BEGIN Dataset records
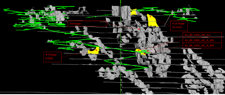 Figure 5. A long section of the Madsen Mine showing historic mining. Remnant open stopes that West Red Lake Gold has identified as potentially suited for CRF waste rock storage are highlighted in yellow.
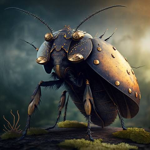 Проходя вдоль опушки леса, заметил здоровенного жука. Даже не просто здоровенного, а размером едва ли не с черепаху. Ну, может, мне так показалось, но сантиметров тридцать в высоту насекомое точно имело.
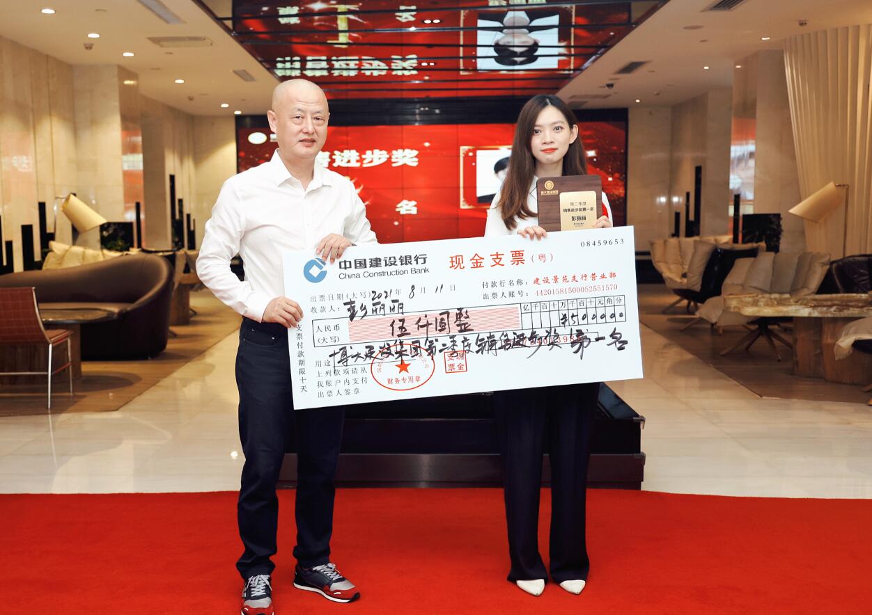 集團(tuán)董事、常務(wù)副總裁沈雁飛為銷售進(jìn)步獎(jiǎng)獲得者彭麗麗頒獎(jiǎng)
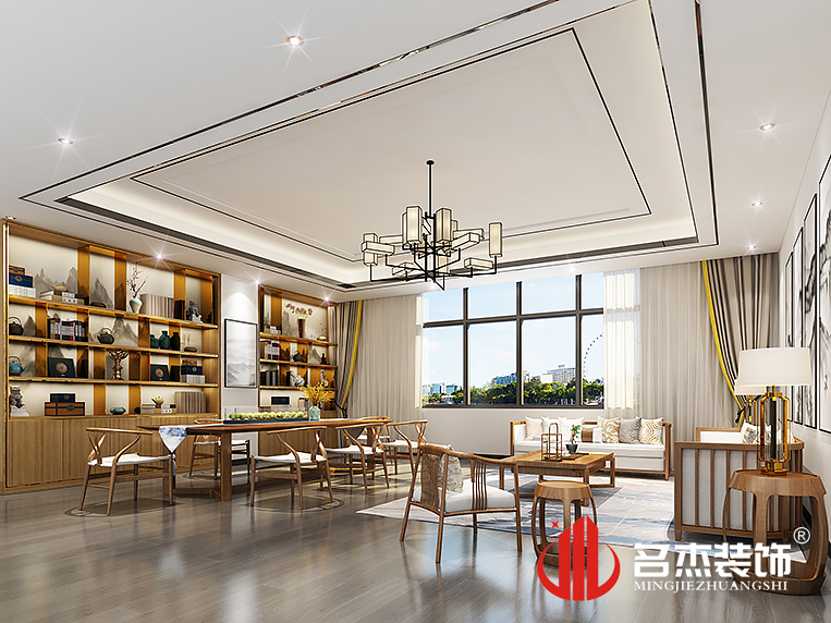 本案例是以辦公和服裝展示為主的服裝公司,設計師從眾多設計元素中挑選了較為流行的服裝設計元素,加入到設計當中。同時也根據實際情況,在吊頂設計部分采用了有造型的燈具,而且在前臺設計部分也采用了流行的弧形元素,增加整體設計感。
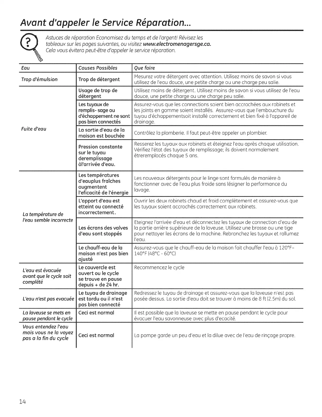 tableaux sur les pages suivantes, ou visitez www.electromenagersge.ca.
END Dataset records
**Your objective**
All of the entries must be reproduced exactly, apart from the pictures, which are to be dropped.

**Solution to this problem**
 Figure 5. A long section of the Madsen Mine showing historic mining. Remnant open stopes that West Red Lake Gold has identified as potentially suited for CRF waste rock storage are highlighted in yellow.
 Проходя вдоль опушки леса, заметил здоровенного жука. Даже не просто здоровенного, а размером едва ли не с черепаху. Ну, может, мне так показалось, но сантиметров тридцать в высоту насекомое точно имело.
 集團(tuán)董事、常務(wù)副總裁沈雁飛為銷售進(jìn)步獎(jiǎng)獲得者彭麗麗頒獎(jiǎng)
 本案例是以辦公和服裝展示為主的服裝公司,設計師從眾多設計元素中挑選了較為流行的服裝設計元素,加入到設計當中。同時也根據實際情況,在吊頂設計部分采用了有造型的燈具,而且在前臺設計部分也采用了流行的弧形元素,增加整體設計感。
 tableaux sur les pages suivantes, ou visitez www.electromenagersge.ca.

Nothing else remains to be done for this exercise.